YOUR GOAL
With pictures excluded, copy word for word the lines in the data below from the line containing "De Seme Pants" through the line containing "Andere opvallende prestaties".

DATASET CONTENT
*** Block opens ***

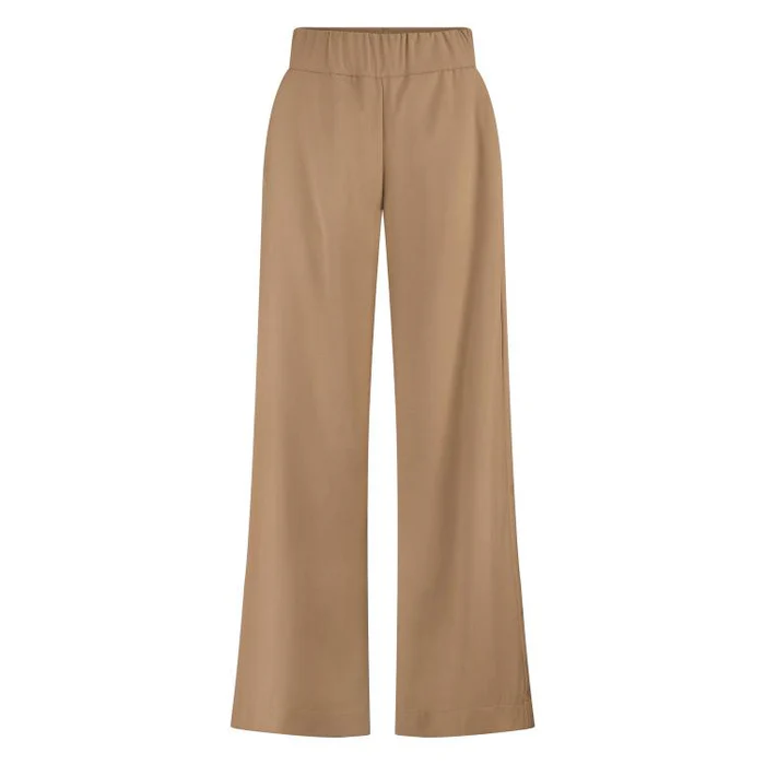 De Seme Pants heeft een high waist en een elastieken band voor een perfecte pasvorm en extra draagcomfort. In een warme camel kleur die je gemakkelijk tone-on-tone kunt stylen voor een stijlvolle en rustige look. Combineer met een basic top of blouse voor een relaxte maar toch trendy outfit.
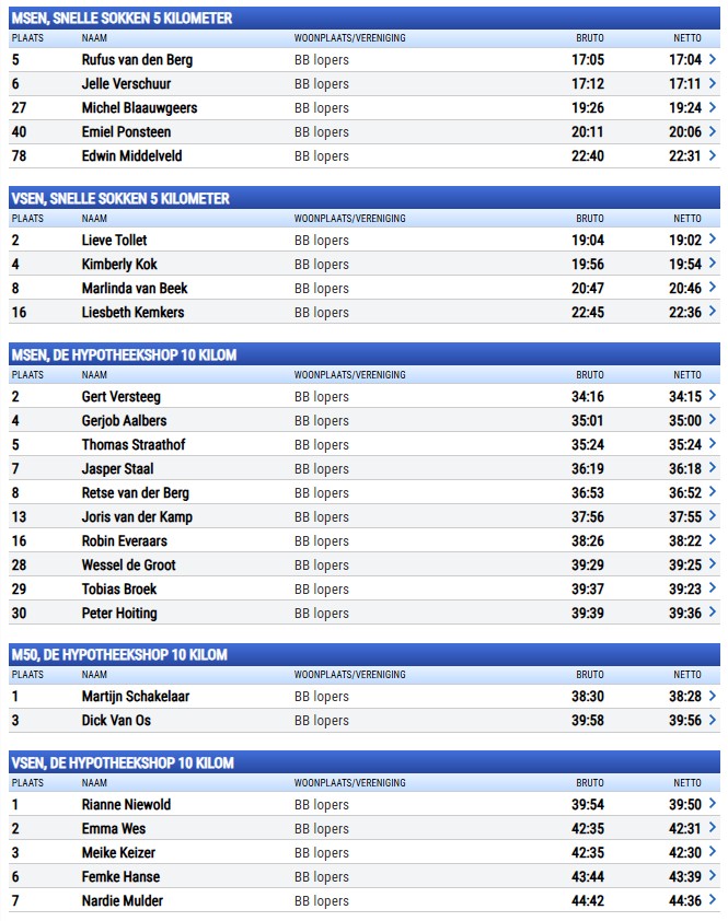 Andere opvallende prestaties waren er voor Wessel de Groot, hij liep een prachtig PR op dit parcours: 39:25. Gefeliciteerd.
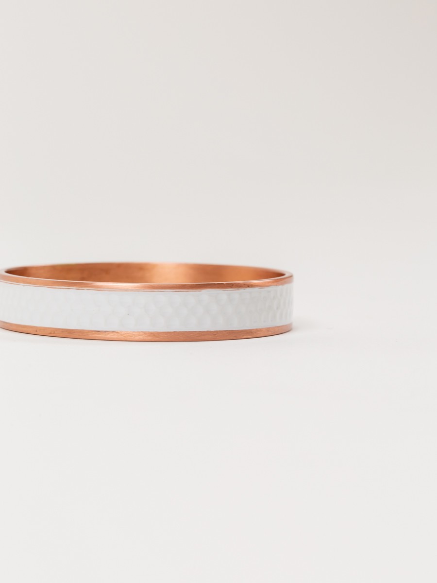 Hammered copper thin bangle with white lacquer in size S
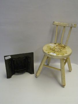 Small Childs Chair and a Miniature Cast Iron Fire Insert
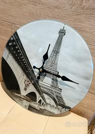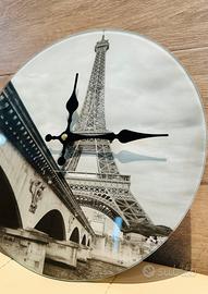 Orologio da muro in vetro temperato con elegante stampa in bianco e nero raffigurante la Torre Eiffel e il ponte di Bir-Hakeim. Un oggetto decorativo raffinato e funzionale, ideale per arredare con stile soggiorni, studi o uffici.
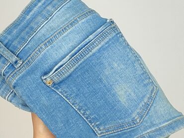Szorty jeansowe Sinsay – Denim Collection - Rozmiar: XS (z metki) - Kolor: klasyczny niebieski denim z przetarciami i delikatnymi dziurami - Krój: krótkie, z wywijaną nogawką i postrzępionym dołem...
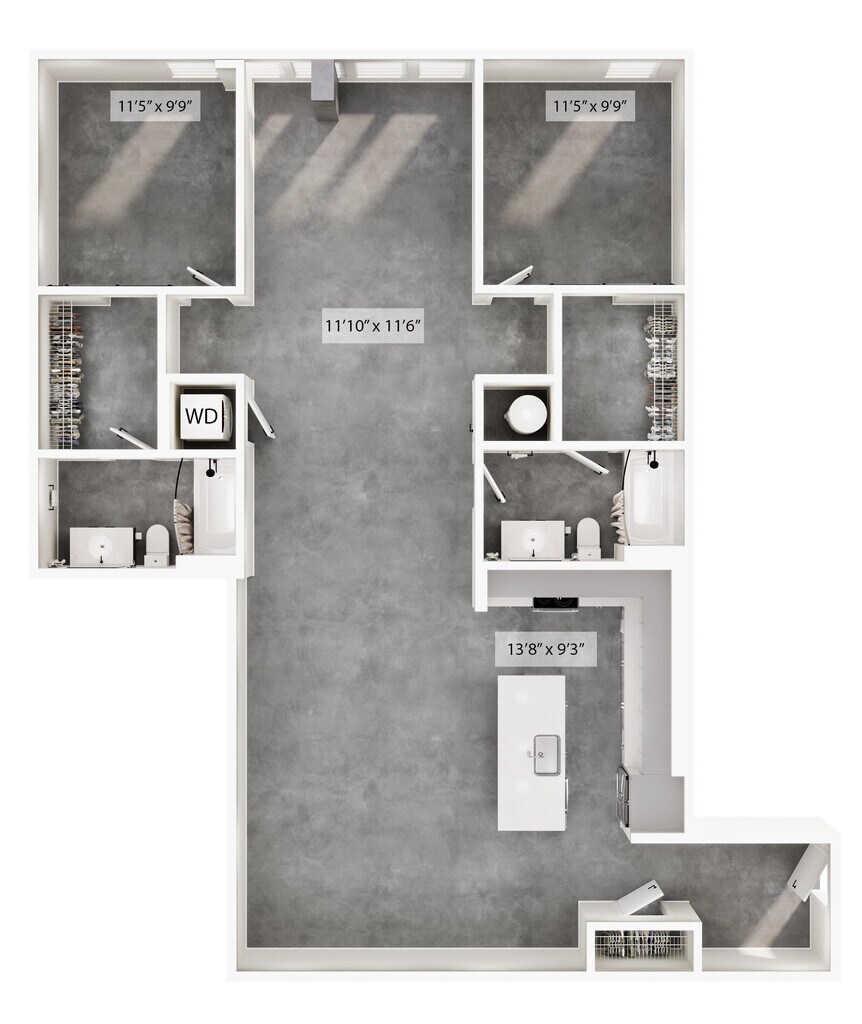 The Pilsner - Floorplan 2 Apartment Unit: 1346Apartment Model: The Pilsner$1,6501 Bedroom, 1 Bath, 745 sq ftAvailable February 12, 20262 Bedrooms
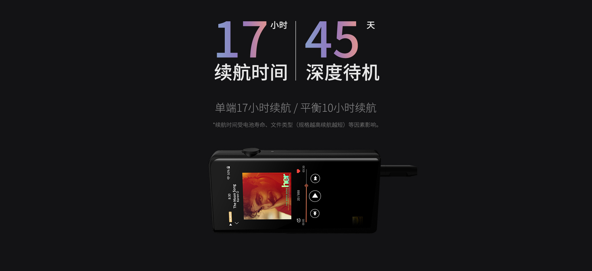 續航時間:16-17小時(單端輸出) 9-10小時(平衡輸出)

*** Block closes ***
*** Block opens ***

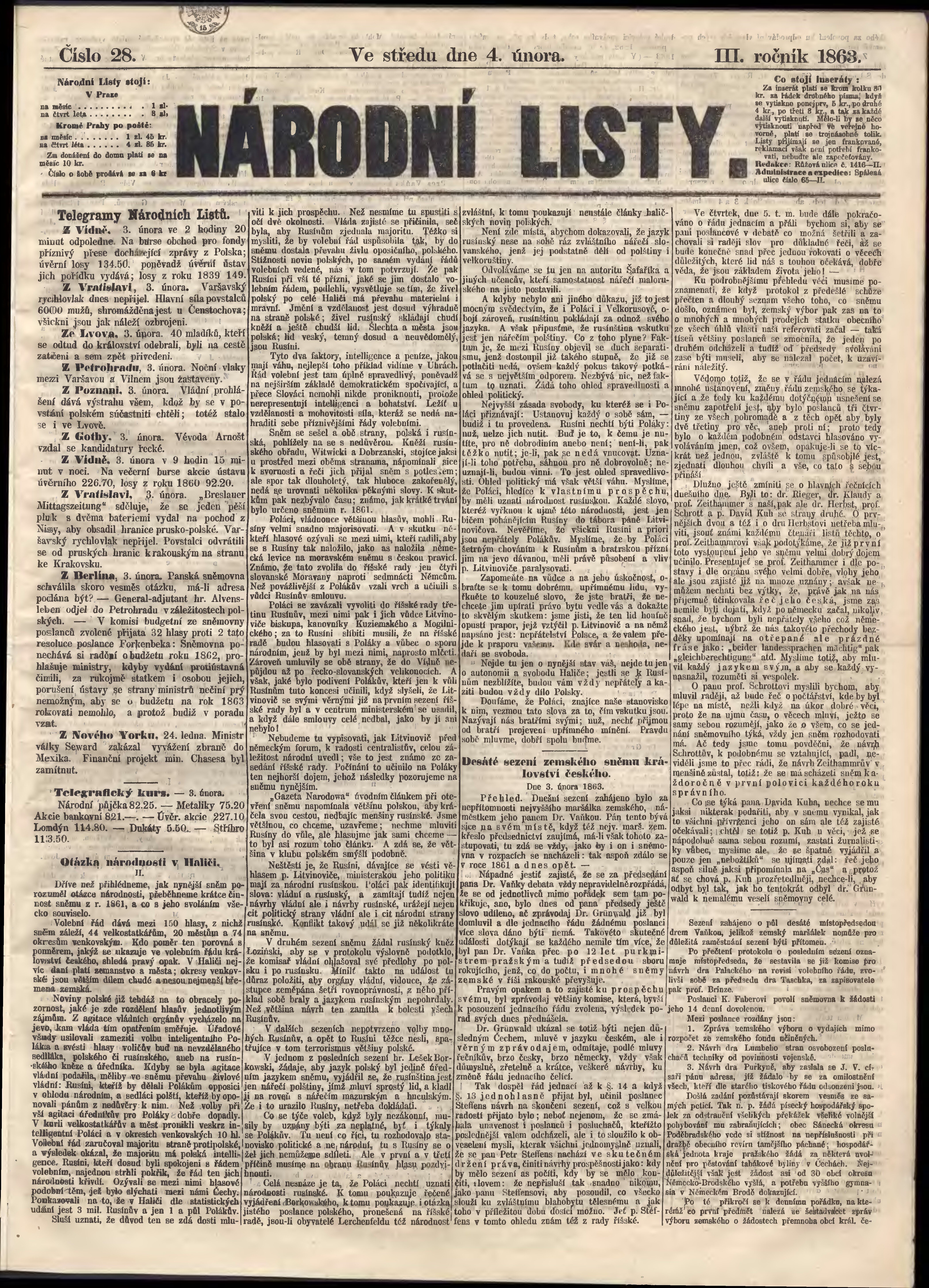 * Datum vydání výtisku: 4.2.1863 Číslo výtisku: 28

*** Block closes ***

THE ANSWER
 De Seme Pants heeft een high waist en een elastieken band voor een perfecte pasvorm en extra draagcomfort. In een warme camel kleur die je gemakkelijk tone-on-tone kunt stylen voor een stijlvolle en rustige look. Combineer met een basic top of blouse voor een relaxte maar toch trendy outfit.
 Andere opvallende prestaties waren er voor Wessel de Groot, hij liep een prachtig PR op dit parcours: 39:25. Gefeliciteerd.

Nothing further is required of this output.